Hope Town has certainly changed, especially after Hurricane Dorian slammed here 5 years ago. Tragically, a triple disaster as the hurricane’s path (with its 185-mph sustained winds) came directly over Hope Town (& nearby Marsh Harbour), then stalled in place for several hours, then Covid hit just months later as international relief had finally scaled up. It’s been a tough 5 years, but most structures have been rebuilt & the island is actually busy with new construction, particularly vacation homes & rentals.

We will be heading 75 miles south to Spanish Wells (on the northern end of Eleuthera) a week early (with a one-night stop in Little Harbour, aka Pete’s Pub), as there are some nasty, prolonged big winds forecasted to arrive next week. Mid-winter can be challenging down here with cold fronts rolling thru every 3 – 6 days, some severe with winds gusting to 30 – 35 knots, keeping the seas too sloppy for us. So we’re going while the going is good & maybe even catch a Mahi along the way – I hope!

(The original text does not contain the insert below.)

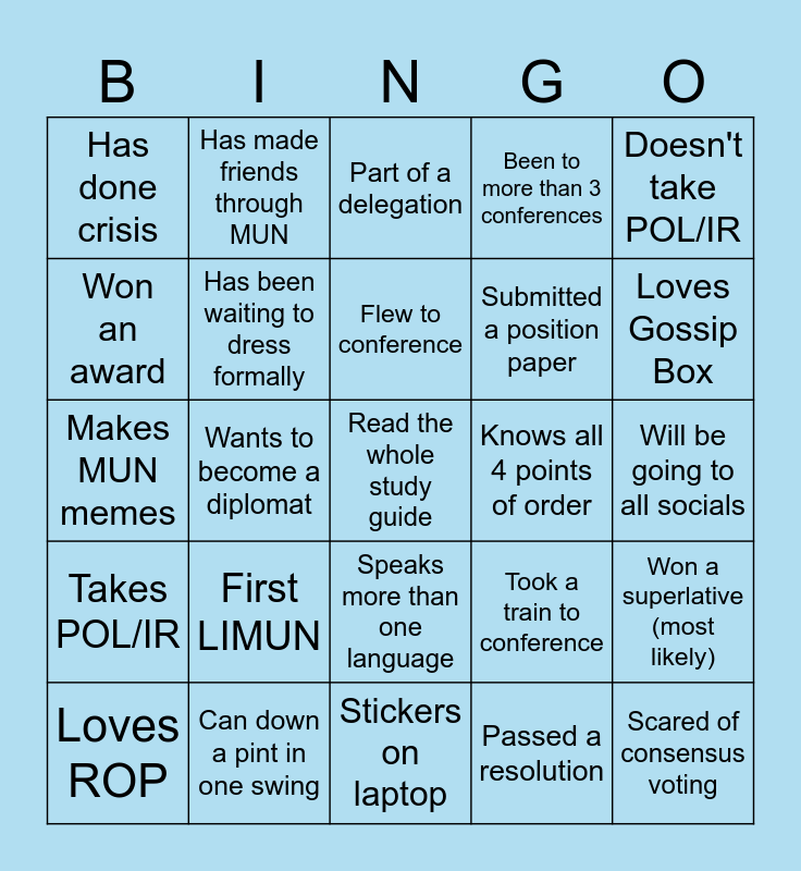 MUN Bingo | Cut Team Member Bingo | QMUN Bingo | SISMUN BINGO! | PMUNC HUMAN BINGO!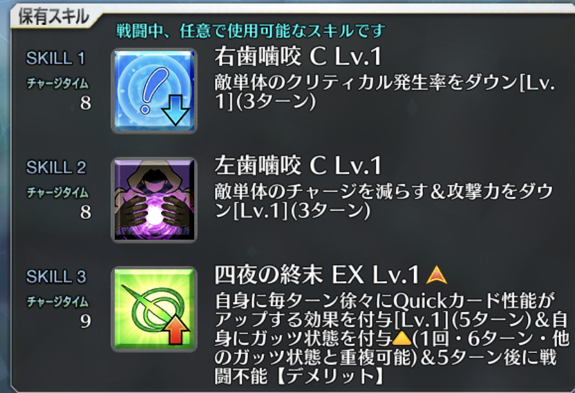 スキル1『原初のルーン(盛夏)』味方単体のQ性能を3Tアップ+Bのクリ威力を3Tアップ。従来のスカディバフとは違いBのクリ威力を上げるから注意なさい

Merry Christmas from Hope Town, Abaco

Hope Town is a festive place for Christmas – as long as you like mostly sunny & 78 degrees! While we missed their annual Christmas show at the little Community Center, there are enough lights & decorations around to get into the Christmas spirit. Their church bells even chimed Christmas songs after their noon & 6PM bell tolls. Of course, the most notable lights are the ones trailing from the Hope Town lighthouse. While those lights are LEDs powered by a generator, the lighthouse’s beacon is the original 1862 kerosene light rotated by 700 pounds of weights, hand- cranked every 2 hours – the last such lighthouse still in operation in the world.

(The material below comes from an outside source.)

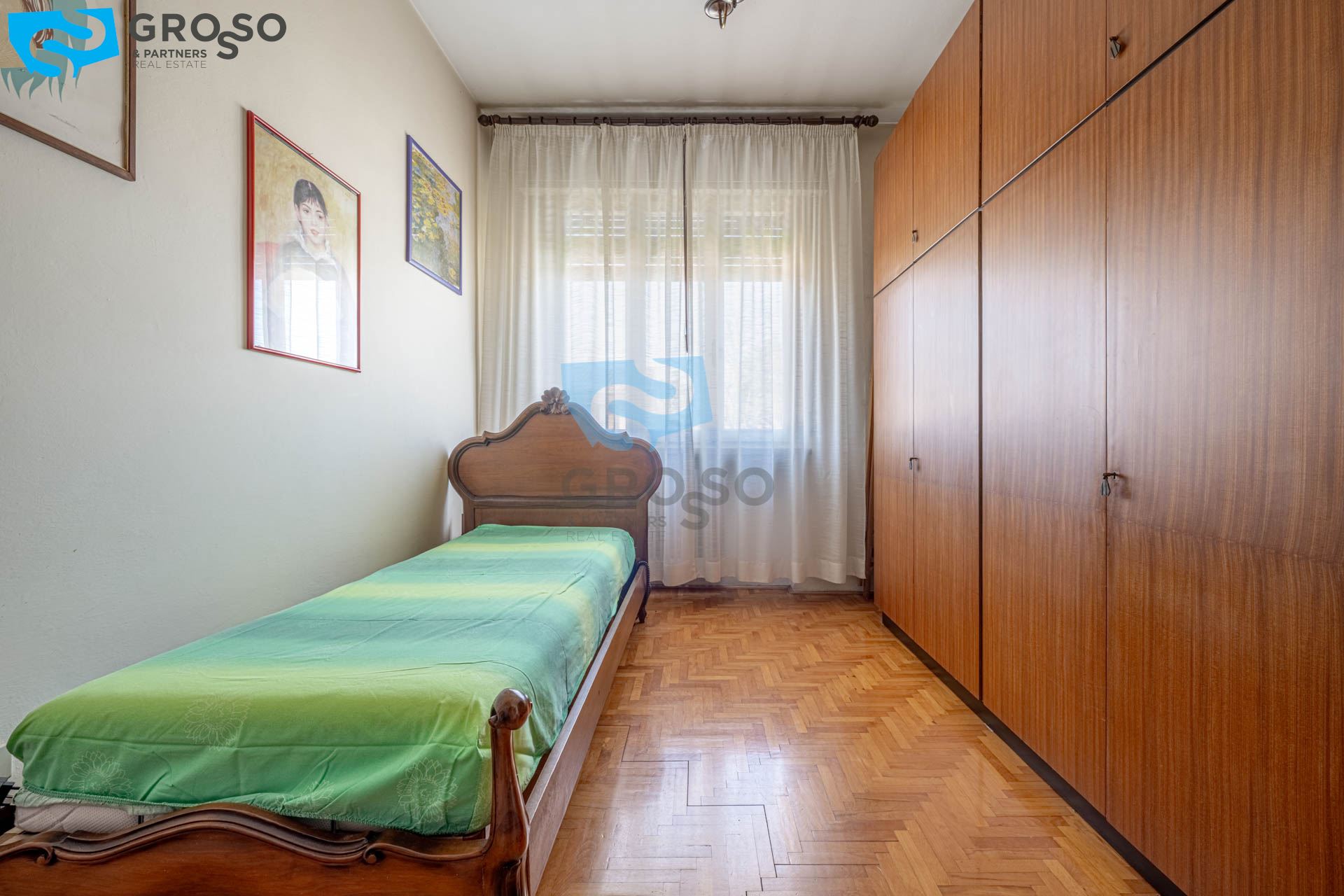 La zona notte si sviluppa con tre camere, di cui due matrimoniali e una singola, pensate per accogliere una famiglia numerosa o per essere reinterpretate in chiave investimento, creando spazi da destinare alla locazione a stanze. Il bagno completa l'abitazione, che si presenta abitabile ma pronta per una modernizzazione capace di valorizzarne appieno il potenziale.

Our great nightly view of the Hope Town Lighthouse.
Our first week in Hope Town had occasional showers with so many rainbows we almost got tired of looking for them.
Catamarans have certainly taken over the Bahamas.
Ooops – don’t worry – just a rental!
Our mooring is near the Sunshine Freight Dock – the Grand Central of Hope Town. Hope Town is the settlement on Elbow Cay, which is a small island & even though only 4 miles from Marsh Harbour, everything has to come over by boat, ferry or freight boat. As the freight boat arrives, dozens of little trucks, vans & even golf carts descend to load up in an orchestrated show. To supplement these daily deliveries, every one of the dozen daily ferry boats (on the left) bring an assortment of packages & boxes along with residents, visitors & workers.
Our “job” this year was Gene’s “Advance Crew”. His family & friends were arriving for a week to a rental villa. We (along with Maryella) helped with transport & pre-arrangements of boats & golf carts – paid with lots of laughs & perhaps a Pina Collada or two…
Hard to drive by without taking more pictures.
As the winds really kicked up the ocean.
Back to reality aboard brought on our “usual” projects +1. The placement of the table posts had always bugged me – way too close for my big feet – so …. just move them!
Almost disaster in paradise … our generator began producing less & less voltage (108 volts instead of 120 volts). Even though our solar system is great, the sun is lower this time of the year along with cloudy days produce only 1/3 of our usual solar energy, so we really need our genset to work properly – especially as it’s the only way to power our watermaker. After a few e-mails with the genset manufacturer, the tech finally mentioned “did you try swapping out your capacitor?” What the heck – didn’t even know there was one. Very fortunately the previous owner had a spare one hidden away & replacing it took care of the problem. Next problem was with a worn-out exhaust blower (which helps keep the genset cool) – jerry-rigged with a different type of blower until we get back to the U.S.
Christmas Babka – Lori’s family’s tradition continued on through the years in our various homes & boats.

 

We’ll be using Hope Town as our base for the next few weeks. On the calm days we’ll head out to visit our favorite anchorages, make water with our watermaker & stop over at to Man-O-War Cay or Marsh Harbour for groceries. Around January 20th, we’ll begin to journey the 70 miles south to Spanish Wells, on the northern tip of Eleuthera.

Merry Christmas wishes to all & Happy New Year!